Given the barriers to adaptation, the report outlines that there is a need for enabling factors to help unlock adaptation finance, for both the public and the private sectors. Elaborating on this, the AGR 2024 report highlights that for the public sector there are a number of enabling factors that include the ‘creation of funds and financing facilities, climate fiscal planning and climate budget tagging, mainstreaming in national development planning and medium-term expenditure frameworks, and adaptation investment planning’.

Better capacity-building and technology transfer could accelerate adaptation planning and implementation, the report stressed, while hinting that interventions to support capacity-building should start by identifying and mobilizing endogenous capacities that already exist, provide a balance of emphasis on ‘hard’ (e.g. technologies) and ‘soft’ (e.g. enabling conditions) capacities, and place gender equality and social inclusion considerations at their centre. The focus on gender equality in matters of collective decisions at the grassroots and in the implementation of ground-rooted activities at adaptation is seen as pathways to success towards achieving set goals.

Critically examining that current priorities locally and globally are often too narrow, technical, and focused on responding to international commitments or immediate crises, limiting efforts towards deeper change, the AGR 2024 laid particular emphasis on enabling capacity-building and technology transfer plans that support adaptation across all sectors, scales and development priorities, and build capacity for transformational change.
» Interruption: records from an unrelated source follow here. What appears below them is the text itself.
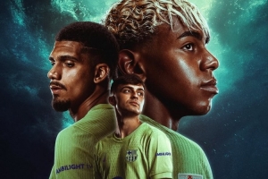 巴薩官方社媒發(fā)布了西甲首輪比賽海報,亞馬爾、阿勞霍、佩德里出鏡。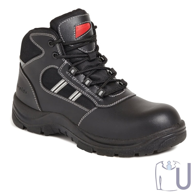 Black full grain leather water resistant safety boot. Padded collar and tongue for added comfort. Non -metallic toe cap and non- midsole protection. Dual density polyurethane outsole. Anti-static. A 100% non-metallic lightweight safety boot for all security screened work places.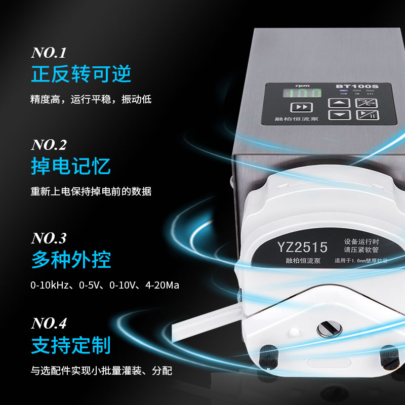 適用于常規(guī)流體輸送、制藥行業(yè)、精細化工、水處理、環(huán)保工程、食品飲料生產(chǎn)劑量添加劑、工藝發(fā)酵系統(tǒng)中補酸補堿消泡、科學實驗等諸多通用領(lǐng)域。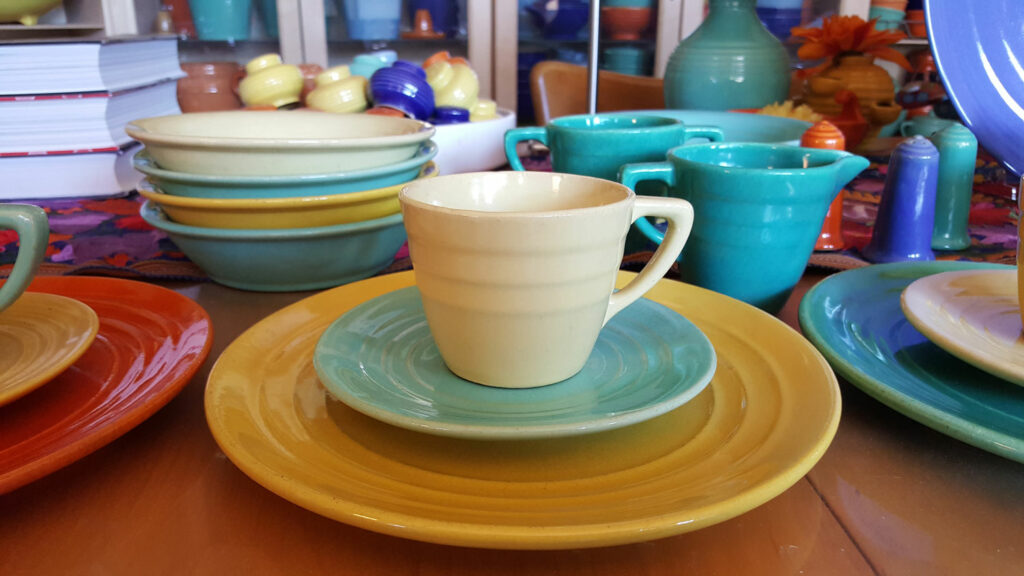 Hands down, I think Garden City Pottery has the best colorware glazes of any manufacturer. They dipped (vs. sprayed) the pieces, giving them a richness and thickness. The deep saturated colors are beautiful.
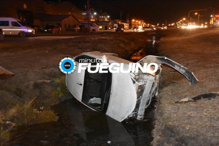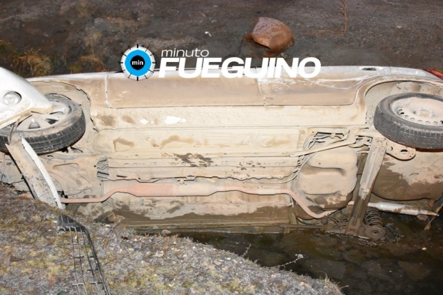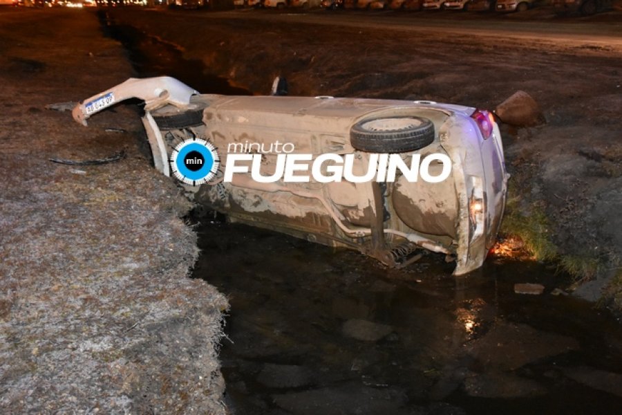 El acciudente de transito ocurrio en horas de esta mañana en la Ruta N°3 en la ciudad de Rio Grande, personas que transitaba frente a la fabrica Brightstar se percataron que un automóvil de color blanco se encontraba volcado en uno de los zanjones del lugar.

The transformational change being hinted at resounds on the growing global call for planning and activation of works that are primarily ground-rooted and focused on actual implementation at the grassroots with active participation of all relevant stakeholders including elders, women and children.

Different civil society organizations and indigenous groups around the world have consistently emphasized that the traditional knowledge and wisdom of age-old practices committed to by Indigenous Peoples and local communities through generations, and supported by scientific reasoning, can address adaptation processes successfully on the ground.

This further resounds on the UNEP report’s thrust on bridging the gap between capacity and technology needs, and the levels of action on the ground that requires overcoming multifaceted challenges. One distinctive challenge that always crops up between States and the IPLCs is the gap of information and trust deficit on decisive matters that undermine the long-term impacts on land and people due to the push for ‘developmental’ agendas of the State minus people’s active participation.

Based on the assessment that most developing countries expressed the need for more capacity and technology across all aspects of adaptation planning and implementation, with a focus on water, food and agriculture, the report categorically called upon all relevant stakeholders to work on a common agenda that addresses communities across frontiers and physical barriers (political boundaries).

The world today is faced with myriad issues on the observed impacts of global warming, climate change and extreme weather events that unrelentlessly had wreak havoc in many of the countries around the world during these recent years, irrespective of political affiliations or the isolation. Thousands of families recently had been impacted by unprecedented droughts, wildfires, floods, storms, cyclones, and heat waves across the seven continents, sparing almost none.